Work required
Transcribe all of the records word for word, please, omitting the pictures.
══ Provided entries
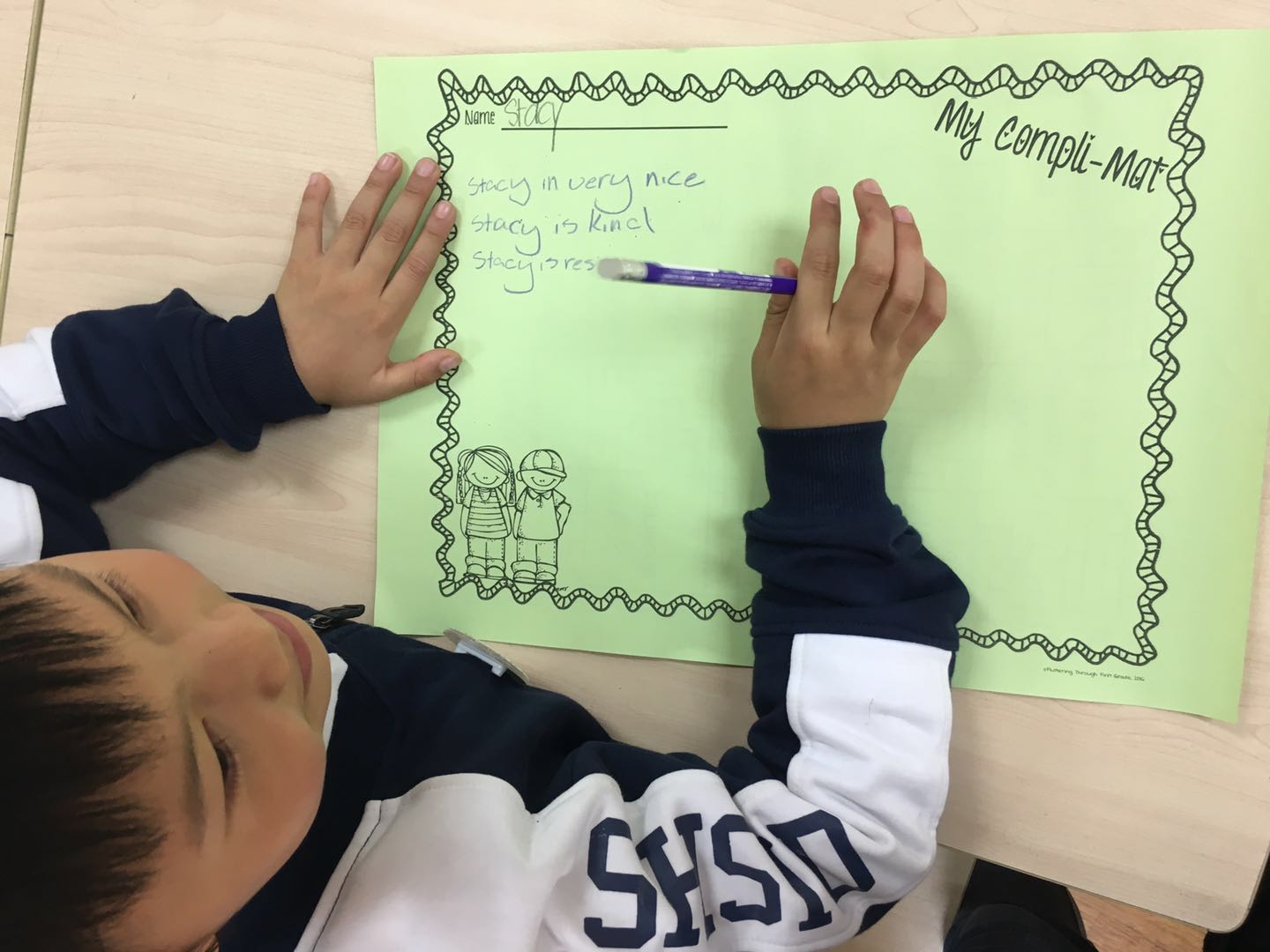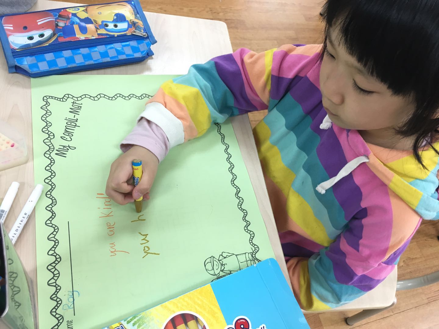 Students should always treat their friends and those around them with care and love. On May 6th, grade one students at SHSID Pudong campus had a short lesson featuring the “Complimat”. The Complimat is a mat sized paper where students can write complimentary words for their classmates. Before they actually did this, the teachers prepared a short lesson on how compliments could change a person and make their day. Compliment vocabulary was also provided for the students to choose from. Students then took a gallery walk to write beautiful sentences for others while nice music filled the room. After this short lesson, we hope the students will contribute to a better class atmosphere and develop optimistic personalities.
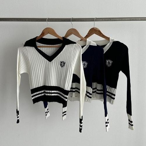 [다잇템][다잇템] 여자 슬림핏 골지긴팔 카라넥 V넥 콘트라스트 탱크 니트_23210185_588872
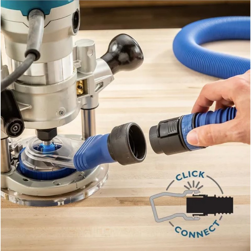 - Specially designed hose port allows attachment to Rockler's FlexiPort Power Tool Hose Kits with Click-Connect functionality
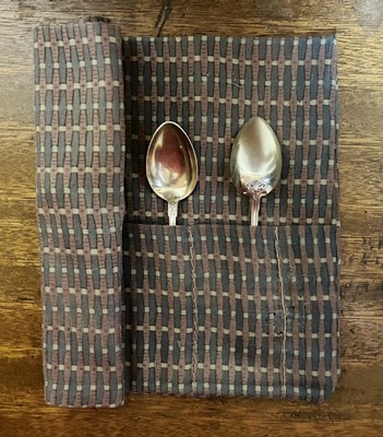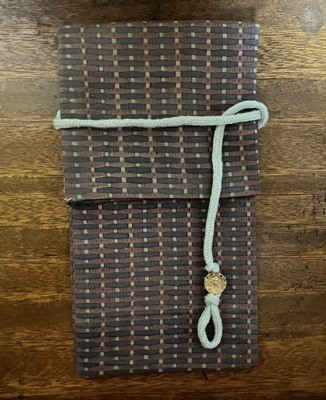 淡い青紫と赤紫・ベージュで格子紋様を描いた和更紗で拵えたカトラリーケースと専用の袋です
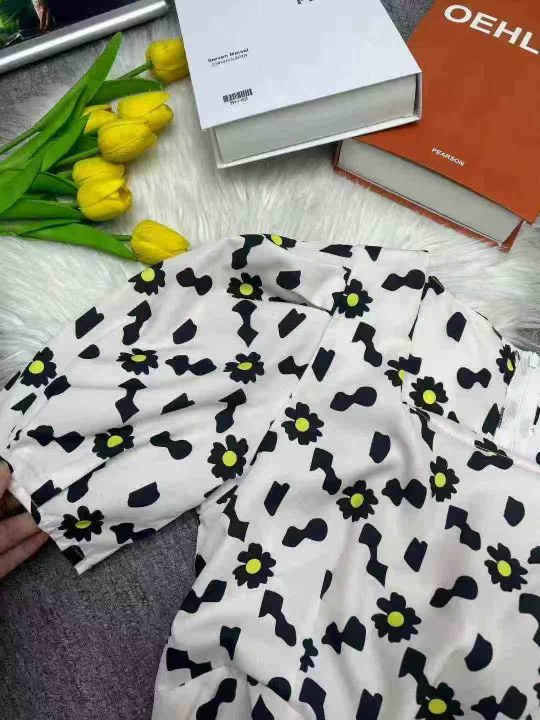 热卖雏菊泡泡袖名媛气质显瘦短袖裙方领设计感连衣裙,独立包装,码数1-5码,数量550条,分货加1,(货号0913#45)
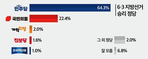 메뉴설정 ①국민 64.3% "6·3 지선, 민주당 승리"…56.3% "정권안정"(종합)... 박지원 25.6%조정식 7.2%김태년 3.8% [민주당 지지층 22대 후반기 국회의장 선호도]박지원 43.7%조정식 7.4%김태년 4.6% [6·3 지방선거 승리 정당]민주당 64.3%국민의힘 22.4%개혁신당 2.0%진보당 1.6%조국혁신당 1.0%그 외 정당 2.0%잘 모름 6.8% [6·3 지방선거, 정권안정 대 정권견제]정권안정 56.3%정권견제 34.3% [이재명 대통령 국정 운영 지지도]매우 잘하고 있다 47.3%(4.2%↓)대체로 잘하고 있다 14.1%(1.8%↓)대체로 못하고 있다 11.6%(... - ④6·3 지방선거, "정권안정" 56.3% 대 "정권견제" 34.3%... - 민주당은 '화기애애'…정청래 만난 김경수 "반드시 승리"... - ⑥민주 49.2% 대 국힘 30.2% 뉴스토마토 유튜브 라이브 채널 바로가기 → 오늘의 라이브 편성표 07:50 뉴스in사이다 16:50 끝장뉴스 17:50 끝내주는 경제 (정기여론조사)④6·3 지방선거, "정권안정" 56.3% 대 "정권견제" 34.3% 다가오는 6·3 지방선거와 관련해 국민 절반 이상이 "정부의 국정 안정을 위한 방향으로 투표에 임하겠다"며 이른바 '정권 안정론'에 동의하는 것으로 나타났습니다. "정부를 견제하기 위한 방향으로 투표에 임하겠다"는 '정권 견제론'에 대해선 30% 정도가 공감을 표시했습니다. 특히 이번 지방선거의 승부처로 꼽히는 서울에선 절반 이상이 '정권 안정론'에 힘을 실었습니다. (그래픽뉴스토마토) 23일 공표된 ... (정기여론조사)③국민 64.3% "6·3 지방선거, 민주당 승리"…10명 중 2명만 "국힘 승리"... 6·3 지방선거가 41일 남은 가운데 국민 60% 이상이 민주당의 승리를 점쳤습니다. 반면 국민의힘이 이길 것이라고 예상한 응답은 20%대 초반에 그쳤습니다. 대구·경북(TK)을 제외한 전 연령과 지역에서 민주당의 승리를 예상했습니다. (그래픽뉴스토마토) 23일 공표된 <미디어토마토> 187차 정기 여론조사 결과에 따르면, '이번 6·3 지방선거에서 어느 정당이 승리할 것으로 보는지' 묻는 질... SK하이닉스 1분기 영업익 37.6조…전년비 405% 상승, 사상 최대 SK하이닉스는 연결 기준 1분기 매출액이 52조5762억원, 영업이익은 37조6102억원으로 집계됐다고 23일 공시했습니다. 이는 전년 동기 대비 각각 198.1%, 405.5% 상승한 수치입니다. 경기 이천시 SK 하이닉스 본사 모습. (사진뉴시스) 같은 기간 당기순이익은 40조3459억원으로 집계됐습니다. 이명신 기자 sin@etomato.com... (정기여론조사)⑤이 대통령 지지율 61.4%…30대·PK 긍·부정 '팽팽' 이재명 대통령의 국정 운영 지지율이 하락하면서 60%대 초반으로 내려왔습니다. 30대와 부산·울산·경남(PK)을 제외한 전 연령과 지역에서 이 대통령의 국정 운영에 대한 긍정 평가 응답이 높았습니다. (그래픽뉴스토마토) 23일 공표된 <미디어토마토> 187차 정기 여론조사 결과에 따르면, 전체 응답자의 61.4%는 긍정 평가('매우 잘하고 있다' 47.3%, '대체로 잘하고 있다' 14.1%)를 내렸습니다. 부정 평... (정기여론조사)⑥민주 49.2% 대 국힘 30.2% 민주당 지지율이 하락하면서 40%대 후반으로 내려왔습니다. 반면 국민의힘 지지율은 상승하면서 다시 30%대를 회복했습니다. 양당의 지지율 격차가 좁혀졌지만, 여전히 민주당이 20%포인트가량 크게 앞서는 것으로 나타났습니다. (그래픽뉴스토마토) 23일 공표된 <미디어토마토> 187차 정기 여론조사 결과에 따르면, 정당 지지율은 민주당 49.2%, 국민의힘 30.2%, 개혁신당 2.9%, 조국혁신당 2.8%,... [인터뷰] 민형배, 수도권 일극체제 깰 전남·광주 3대 비전 제시 더불어민주당 전남광주통합특별시장 후보 민형배 의원이 22일 방송된 뉴스토마토 <이광재의 끝내주는 인터뷰>에서 “전남·광주가 수도권 일극 체제를 깨고, 대한민국 성장의 새로운 엔진이 되겠다”며 경제 대도약, 정치적 대전환, 사회문화적 대번영 등 3대 비전을 공개했습니다. 민 의원은 △경제 대도약: 풍부한 재생에너지를 기반으로 첨단산업을 유치하고 △정치적 대전환: 시민이 설계하... 뉴스리듬 K배터리, 벤츠 공급망 잇단 진입…‘프리미엄 전략’ 주효 팔란티어서 스킬드AI, 엔비디아까지…LG, ‘AX 기술 동맹’ 구축 이용우 "CU 물류센터 참변, 책임 명명백백히 밝혀야"  "이광재 하남-송영길 연수-하정우 북갑" 민주당이 6·3 지방선거와 함께 치러지는 국회의원 재·보궐선거에 출마할 후보군을 사실상 내정했습니다. 당 공천 진행 상황을 잘 알고 있는 고위 관계자는 22일 <뉴스토마토>...  '큰 꿈' 꾸는 박찬대…"인천도 중앙무대서 돋보일 수 있다" 6·3 지방선거 인천시장에 도전하는 박찬대 민주당 의원이 지난 21일 경남 김해 봉하를 찾아 노무현 전 대통령 묘소를 참배했습니다. 박 의원은 "노 전 대통령 기일이 5월23일인데, 지방선거 운... TSMC도 제친 SK하이닉스…영업이익률 ‘72%’ SK하이닉스가 인공지능(AI) 메모리 수요에 힘입어 올해 1분기 매출과 영업이익 모두 최대 실적을 기록했습니다. 계절적인 비수기에도 불구하고 고대역폭메모리(HBM), 서버용 D램, 기업용 SSD(eS... 공급망 쇼크에 기후 역습까지…"시간이 없다" 중동발 지정학적 리스크의 노이즈가 여전히 계속되고 있는 가운데 급변하는 국제 정세만큼, 살아남기 위한 국가 간의 전략적 공조도 요구되고 있습니다. 단순한 외교적 관계의 개선을 넘
════
Reply to the task
 Students should always treat their friends and those around them with care and love. On May 6th, grade one students at SHSID Pudong campus had a short lesson featuring the “Complimat”. The Complimat is a mat sized paper where students can write complimentary words for their classmates. Before they actually did this, the teachers prepared a short lesson on how compliments could change a person and make their day. Compliment vocabulary was also provided for the students to choose from. Students then took a gallery walk to write beautiful sentences for others while nice music filled the room. After this short lesson, we hope the students will contribute to a better class atmosphere and develop optimistic personalities.
 [다잇템][다잇템] 여자 슬림핏 골지긴팔 카라넥 V넥 콘트라스트 탱크 니트_23210185_588872
 - Specially designed hose port allows attachment to Rockler's FlexiPort Power Tool Hose Kits with Click-Connect functionality
 淡い青紫と赤紫・ベージュで格子紋様を描いた和更紗で拵えたカトラリーケースと専用の袋です
 热卖雏菊泡泡袖名媛气质显瘦短袖裙方领设计感连衣裙,独立包装,码数1-5码,数量550条,分货加1,(货号0913#45)
 메뉴설정 ①국민 64.3% "6·3 지선, 민주당 승리"…56.3% "정권안정"(종합)... 박지원 25.6%조정식 7.2%김태년 3.8% [민주당 지지층 22대 후반기 국회의장 선호도]박지원 43.7%조정식 7.4%김태년 4.6% [6·3 지방선거 승리 정당]민주당 64.3%국민의힘 22.4%개혁신당 2.0%진보당 1.6%조국혁신당 1.0%그 외 정당 2.0%잘 모름 6.8% [6·3 지방선거, 정권안정 대 정권견제]정권안정 56.3%정권견제 34.3% [이재명 대통령 국정 운영 지지도]매우 잘하고 있다 47.3%(4.2%↓)대체로 잘하고 있다 14.1%(1.8%↓)대체로 못하고 있다 11.6%(... - ④6·3 지방선거, "정권안정" 56.3% 대 "정권견제" 34.3%... - 민주당은 '화기애애'…정청래 만난 김경수 "반드시 승리"... - ⑥민주 49.2% 대 국힘 30.2% 뉴스토마토 유튜브 라이브 채널 바로가기 → 오늘의 라이브 편성표 07:50 뉴스in사이다 16:50 끝장뉴스 17:50 끝내주는 경제 (정기여론조사)④6·3 지방선거, "정권안정" 56.3% 대 "정권견제" 34.3% 다가오는 6·3 지방선거와 관련해 국민 절반 이상이 "정부의 국정 안정을 위한 방향으로 투표에 임하겠다"며 이른바 '정권 안정론'에 동의하는 것으로 나타났습니다. "정부를 견제하기 위한 방향으로 투표에 임하겠다"는 '정권 견제론'에 대해선 30% 정도가 공감을 표시했습니다. 특히 이번 지방선거의 승부처로 꼽히는 서울에선 절반 이상이 '정권 안정론'에 힘을 실었습니다. (그래픽뉴스토마토) 23일 공표된 ... (정기여론조사)③국민 64.3% "6·3 지방선거, 민주당 승리"…10명 중 2명만 "국힘 승리"... 6·3 지방선거가 41일 남은 가운데 국민 60% 이상이 민주당의 승리를 점쳤습니다. 반면 국민의힘이 이길 것이라고 예상한 응답은 20%대 초반에 그쳤습니다. 대구·경북(TK)을 제외한 전 연령과 지역에서 민주당의 승리를 예상했습니다. (그래픽뉴스토마토) 23일 공표된 <미디어토마토> 187차 정기 여론조사 결과에 따르면, '이번 6·3 지방선거에서 어느 정당이 승리할 것으로 보는지' 묻는 질... SK하이닉스 1분기 영업익 37.6조…전년비 405% 상승, 사상 최대 SK하이닉스는 연결 기준 1분기 매출액이 52조5762억원, 영업이익은 37조6102억원으로 집계됐다고 23일 공시했습니다. 이는 전년 동기 대비 각각 198.1%, 405.5% 상승한 수치입니다. 경기 이천시 SK 하이닉스 본사 모습. (사진뉴시스) 같은 기간 당기순이익은 40조3459억원으로 집계됐습니다. 이명신 기자 sin@etomato.com... (정기여론조사)⑤이 대통령 지지율 61.4%…30대·PK 긍·부정 '팽팽' 이재명 대통령의 국정 운영 지지율이 하락하면서 60%대 초반으로 내려왔습니다. 30대와 부산·울산·경남(PK)을 제외한 전 연령과 지역에서 이 대통령의 국정 운영에 대한 긍정 평가 응답이 높았습니다. (그래픽뉴스토마토) 23일 공표된 <미디어토마토> 187차 정기 여론조사 결과에 따르면, 전체 응답자의 61.4%는 긍정 평가('매우 잘하고 있다' 47.3%, '대체로 잘하고 있다' 14.1%)를 내렸습니다. 부정 평... (정기여론조사)⑥민주 49.2% 대 국힘 30.2% 민주당 지지율이 하락하면서 40%대 후반으로 내려왔습니다. 반면 국민의힘 지지율은 상승하면서 다시 30%대를 회복했습니다. 양당의 지지율 격차가 좁혀졌지만, 여전히 민주당이 20%포인트가량 크게 앞서는 것으로 나타났습니다. (그래픽뉴스토마토) 23일 공표된 <미디어토마토> 187차 정기 여론조사 결과에 따르면, 정당 지지율은 민주당 49.2%, 국민의힘 30.2%, 개혁신당 2.9%, 조국혁신당 2.8%,... [인터뷰] 민형배, 수도권 일극체제 깰 전남·광주 3대 비전 제시 더불어민주당 전남광주통합특별시장 후보 민형배 의원이 22일 방송된 뉴스토마토 <이광재의 끝내주는 인터뷰>에서 “전남·광주가 수도권 일극 체제를 깨고, 대한민국 성장의 새로운 엔진이 되겠다”며 경제 대도약, 정치적 대전환, 사회문화적 대번영 등 3대 비전을 공개했습니다. 민 의원은 △경제 대도약: 풍부한 재생에너지를 기반으로 첨단산업을 유치하고 △정치적 대전환: 시민이 설계하... 뉴스리듬 K배터리, 벤츠 공급망 잇단 진입…‘프리미엄 전략’ 주효 팔란티어서 스킬드AI, 엔비디아까지…LG, ‘AX 기술 동맹’ 구축 이용우 "CU 물류센터 참변, 책임 명명백백히 밝혀야"  "이광재 하남-송영길 연수-하정우 북갑" 민주당이 6·3 지방선거와 함께 치러지는 국회의원 재·보궐선거에 출마할 후보군을 사실상 내정했습니다. 당 공천 진행 상황을 잘 알고 있는 고위 관계자는 22일 <뉴스토마토>...  '큰 꿈' 꾸는 박찬대…"인천도 중앙무대서 돋보일 수 있다" 6·3 지방선거 인천시장에 도전하는 박찬대 민주당 의원이 지난 21일 경남 김해 봉하를 찾아 노무현 전 대통령 묘소를 참배했습니다. 박 의원은 "노 전 대통령 기일이 5월23일인데, 지방선거 운... TSMC도 제친 SK하이닉스…영업이익률 ‘72%’ SK하이닉스가 인공지능(AI) 메모리 수요에 힘입어 올해 1분기 매출과 영업이익 모두 최대 실적을 기록했습니다. 계절적인 비수기에도 불구하고 고대역폭메모리(HBM), 서버용 D램, 기업용 SSD(eS... 공급망 쇼크에 기후 역습까지…"시간이 없다" 중동발 지정학적 리스크의 노이즈가 여전히 계속되고 있는 가운데 급변하는 국제 정세만큼, 살아남기 위한 국가 간의 전략적 공조도 요구되고 있습니다. 단순한 외교적 관계의 개선을 넘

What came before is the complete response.